Начал я исподволь, так, кусну там и сям, но почти сразу меня понесло, и, не успел оглянуться, — умял такую существенную часть общей постели, что сквозь нее во многих местах стал просвечивать голый бетон. Это повело к моим нескончаемым распрям с родней, и несколько раз мне даже крепко досталось, но меня это не остановило. Я умею быть очень решительным, когда захочу.
В конце концов, чтобы прекратить дрязги, Маме пришлось снарядиться за новой порцией страниц Великой книги и притащить их в наш уголок. Мы теперь уже подросли и дружно участвовали в разрывании. Визжа от восторга, мы мстительно дергали, драли. Ничто так не сближает, не создает такого теплого чувства товарищества, как разрушение, и на несколько минут в этой свалке мы поистине себя ощутили большой счастливой семьей. Когда меня просят что-нибудь рассказать о детстве, я всегда предъявляю этот эпизод — просто, чтоб доказать, что мы были как все.

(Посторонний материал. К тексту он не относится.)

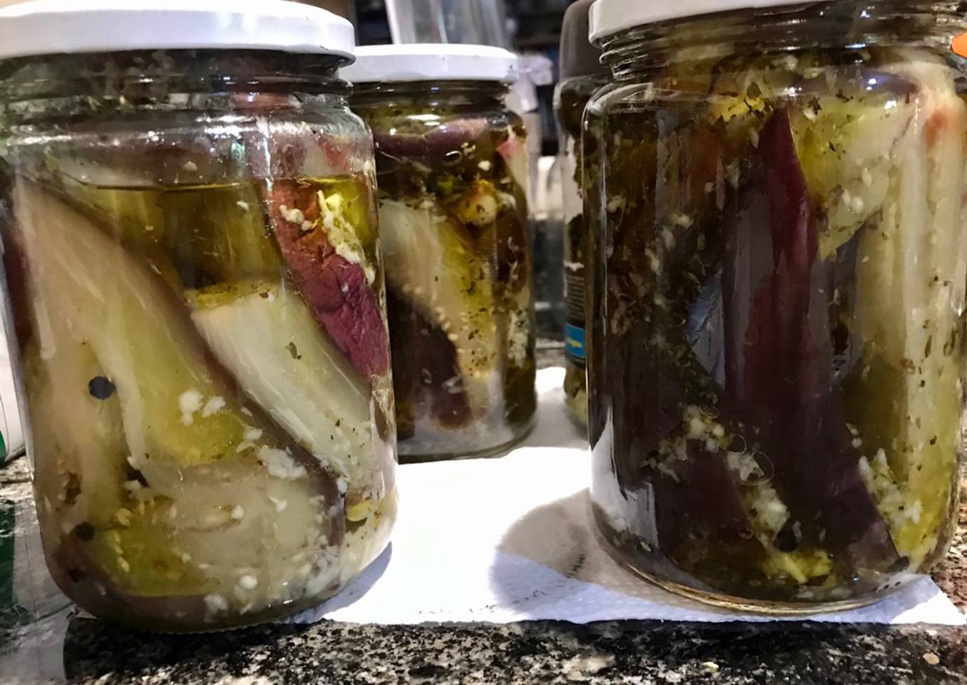 - Se rellenan con las berenjenas. Las coloco a lo largo, y agrego un poco más de condimentos. Al terminar completo con aceite. Yo uso aceite de oliva, pero puede ser otro, siempre de buena calidad, y no mezcla. Dejar reposar, un tiempo, que se acomoden y completar otra vez con aceite. No debe quedar cámara de aire.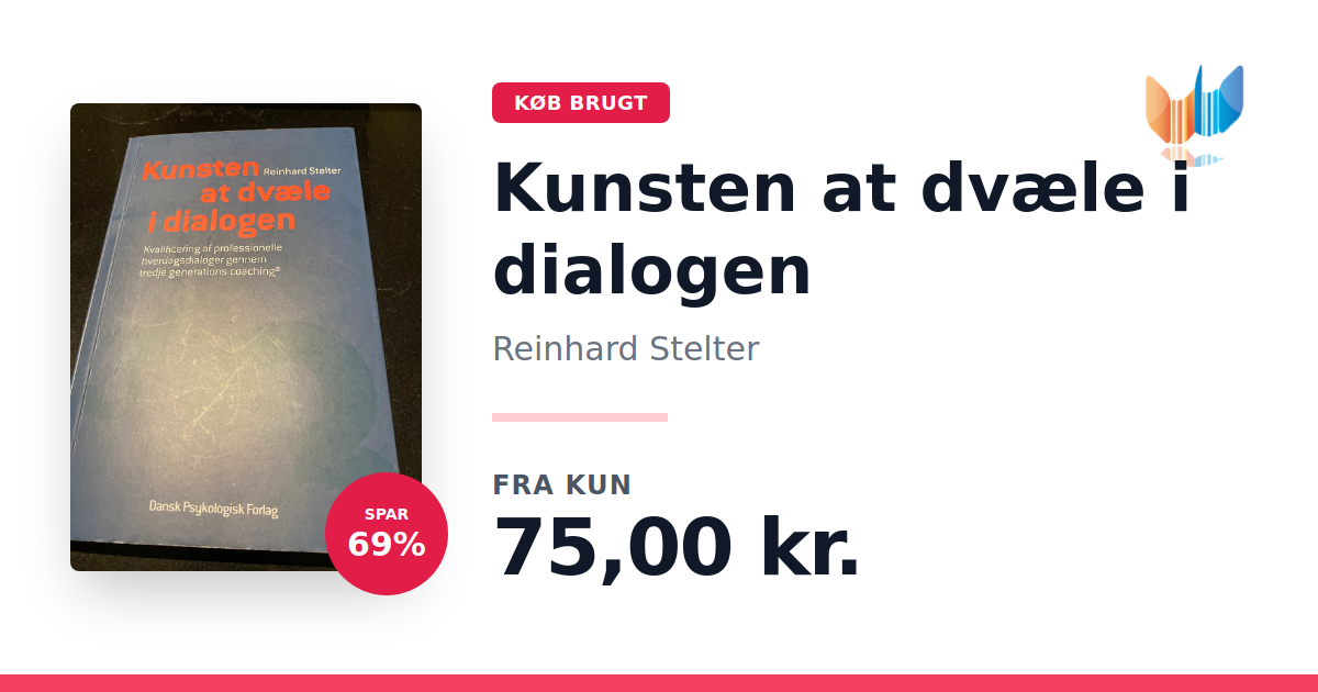 Lige nu kan du købe "Kunsten at dvæle i dialogen" af Reinhard Stelter til kun 75,00 kr. Du sparer hele 69% af nyprisen! Bogen du ser her er brugt, og i god stand. Vi har i øjeblikket kun et enkelt eksemplar til salg af "Kunsten at dvæle i dialogen", så slå til mens du kan!

Что и говорить, новый приток бумаги, и вдобавок свежей, на которой никто еще не писал, не какал, отнюдь не укротил моего аппетита, и я, надо думать, слопал уже целые главы Великой книги к тому времени, когда неуверенно вышел на подрагивающих на своих четырех из темного угла в широко мерцающий мир. Убежден, что эти изжеванные страницы заложили питательный фундамент, — даже, не исключено, прямо вызвали к жизни то, что скромно назову моими выдающимися умственными способностями. Только представьте себе: история мира в четырех частях, обрывки философии, психоанализ, лингвистика, астрономия, астрология, сотни рек, народные песни, Библия, Коран, Бхагават-гита, Книга мертвых, Французская революция, Русская революция, сотни насекомых, дорожные знаки, уличные объявления, Кант, Гегель, Сведенборг, комиксы, детские считалки, Лондон и Фессалоники, Солом и Гоморра, история литературы, история Ирландии, обвинения в несказанных преступлениях, признания вины, отрицания виновности, тысячи каламбуров, десятки языков, рецепты, шутки ниже пояса, болезни, деторождения, казни — всё это и много чего еще я вобрал в себя. Вобрал в себя, признаю, по куда был недостаточно подготовлен. Помню живо, прямо кишками помню, как, еще маленький, корчусь в темном углу на постели из драной бумаги — грядущих блюд — и, обхватив карикатурно вздутый живот, постанываю от боли. Ох, какая мука! — когда длинные, разрастающиеся, непроваренные куски впитываются в мое содрогающееся нутро. До сих пор не могу понять, как эта повторяющаяся пытка навеки меня не отвадила от жевания бумаги. Но нет — не отвадила. Приходилось только пережидать, пока уймется боль, чтобы все начинать сызнова, но порой я не выдерживал, даже это было мне не под силу.